There are at least two possible solutions. The usual solution is obfustication. Release binary only clients, keep the servers to yourself, make the on-the-wire protocol compressed and encrypted, and generally strange, and just generally hope no one can be bothered working out how to break the system. The nice theoretical one is as described above: just treat the client as completely untrustworthy, and only tell it things the human that's using it is allowed to know.

I wonder, though, if the trust metric here could be useful. If instead of certifying free-software gurus, you certify something more akin to `honesty' or so.

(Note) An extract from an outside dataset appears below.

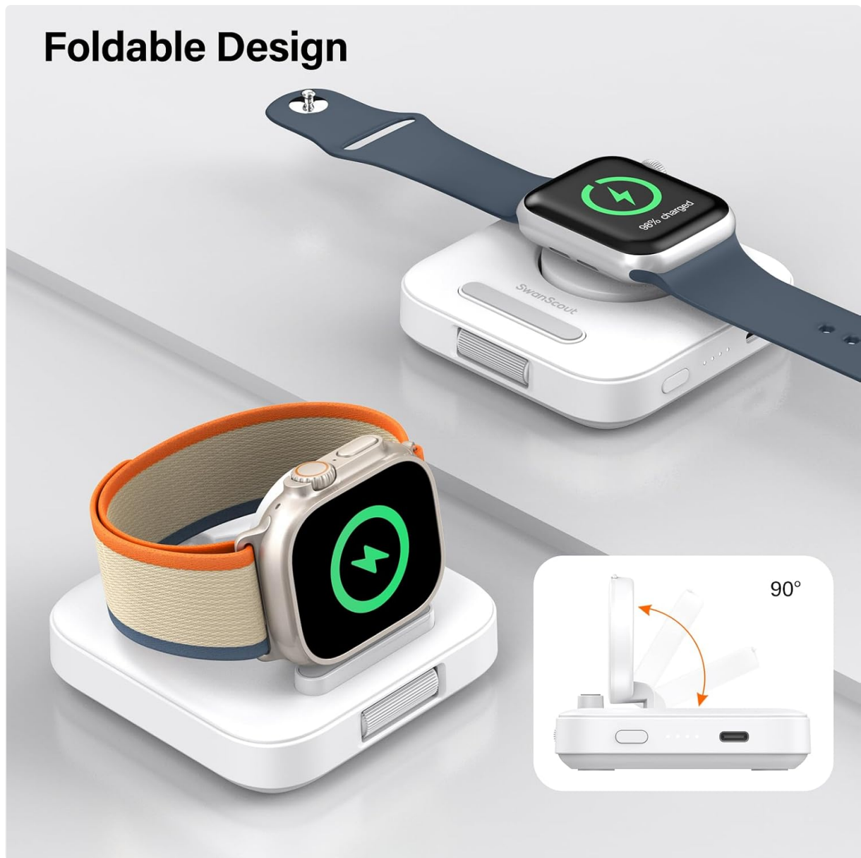
Image: An image showing the charger in both its upright charging position and its folded, compact state, emphasizing its portability and space-saving design.

Once you've got a bunch of people certified, rather than trying to certify binaries, you can establish trust pretty easily. After all, no person has to give their secret identification stuff to anyone else (thanks to the wonders of digital signatures and public key cryptography) unlike binaries whose "secret" identification stuff has to be available to everyone who has a copy of that binary.

Possibly linear growth (size of attack versus number of clueless certifiers) is still too troublesome though. Some method of negative feedback may be necessary here, which in turn would probably require more granularity than just `Honest' and `Not honest'. Still, it could be a novel solution to a fairly tricky issue as far as free games go.

Well, I'm a Journeyer now. Neat.

It seems a bit weird to be able to just say `Yeah, I'm this free software guy from www.foo.org, and I'm cool, and yeah, it's really me, let me post articles, d00d' and get to, well, post articles.

So, in the interests of strengthening trust and stuff, here's some evidence that I'm really who I say I am. This'd be better inlined, but I don't even want to think about trying to do up a PGP signature in HTML without the <pre> tag. The key itself is in the Debian keyring, and probably on some keyservers out there somewhere too.

Voila. An Avocato page.

I don't get these weblog things. The web wasn't made for interactivity, and forms really don't cut it as an emacs replacement. Trying to keep your train of thought while peppering every sentence with the obligatory random links is a bitch too. (Don't ask me what the deal with the last one is, but it was google's first hit)

Still, you can't bitch about something properly until you try it.